:: Goal of the exercise ::
Set down every line of the data exactly, skipping the pictures.

:: Collected material ::
* * * * *

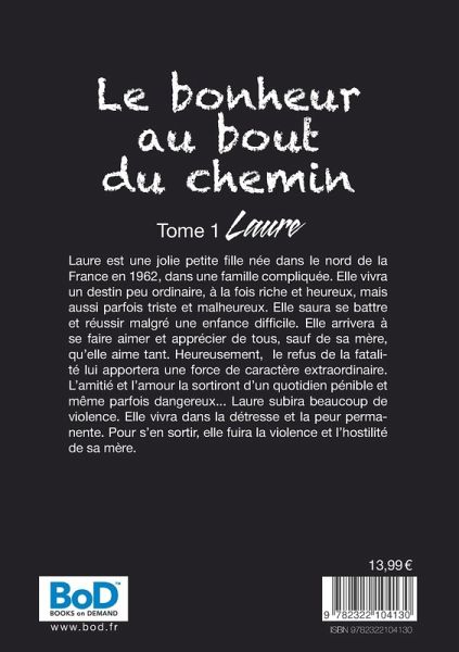 Ce récit est l'histoire de Laure, une jolie petite fille née dans le nord de la France en mille neuf cent soixante deux, dans une famille compliquée. Elle aura une destinée peu ordinaire, à la fois riche et heureuse, mais aussi parfois triste et malheureuse. Elle saura se battre et réussir malgré une enfance difficile. Elle arrivera à se faire aimer et apprécier de tous, sauf de sa mère, qu'elle aime tant. Heureusement, le refus de la fatalité lui apportera une force de caractère extraordinaire. L'amitié et l'amour la sortiront d'un quotidien pénible et même parfois dangereux... Laure subira beaucoup de violence. Elle vivra dans la détresse et la peur permanente. Pour s'en sortir, elle fuira la violence et l'hostilité de sa mère. Son destin lui permettra aussi de vivre des moments merveilleux et de faire des rencontres surprenantes.
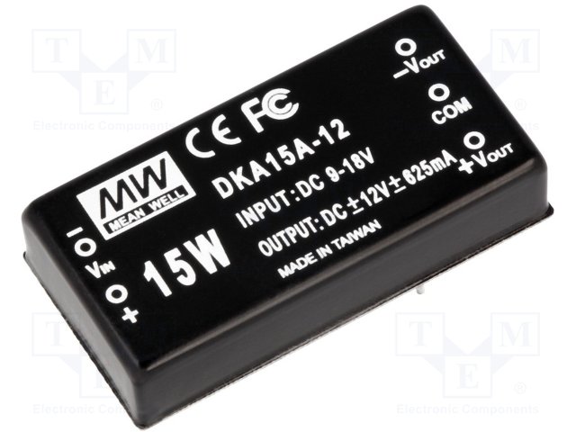 Преобразователь: DC/DC; 15Вт; Uвх: 9÷18В; Uвых: 5ВDC; Uвых.2: -5ВDC
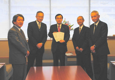 要請には駒場忠親(日本自治体労働組合総連合顧問)、増田善信(気象学者)の各常任世話人と斎藤俊一事務室長が参加。日本共産党の笠井亮衆議院議員(会常任世話人)が同席しました。

* * * * *

:: Exercise solution ::
 Ce récit est l'histoire de Laure, une jolie petite fille née dans le nord de la France en mille neuf cent soixante deux, dans une famille compliquée. Elle aura une destinée peu ordinaire, à la fois riche et heureuse, mais aussi parfois triste et malheureuse. Elle saura se battre et réussir malgré une enfance difficile. Elle arrivera à se faire aimer et apprécier de tous, sauf de sa mère, qu'elle aime tant. Heureusement, le refus de la fatalité lui apportera une force de caractère extraordinaire. L'amitié et l'amour la sortiront d'un quotidien pénible et même parfois dangereux... Laure subira beaucoup de violence. Elle vivra dans la détresse et la peur permanente. Pour s'en sortir, elle fuira la violence et l'hostilité de sa mère. Son destin lui permettra aussi de vivre des moments merveilleux et de faire des rencontres surprenantes.
 Преобразователь: DC/DC; 15Вт; Uвх: 9÷18В; Uвых: 5ВDC; Uвых.2: -5ВDC
 要請には駒場忠親(日本自治体労働組合総連合顧問)、増田善信(気象学者)の各常任世話人と斎藤俊一事務室長が参加。日本共産党の笠井亮衆議院議員(会常任世話人)が同席しました。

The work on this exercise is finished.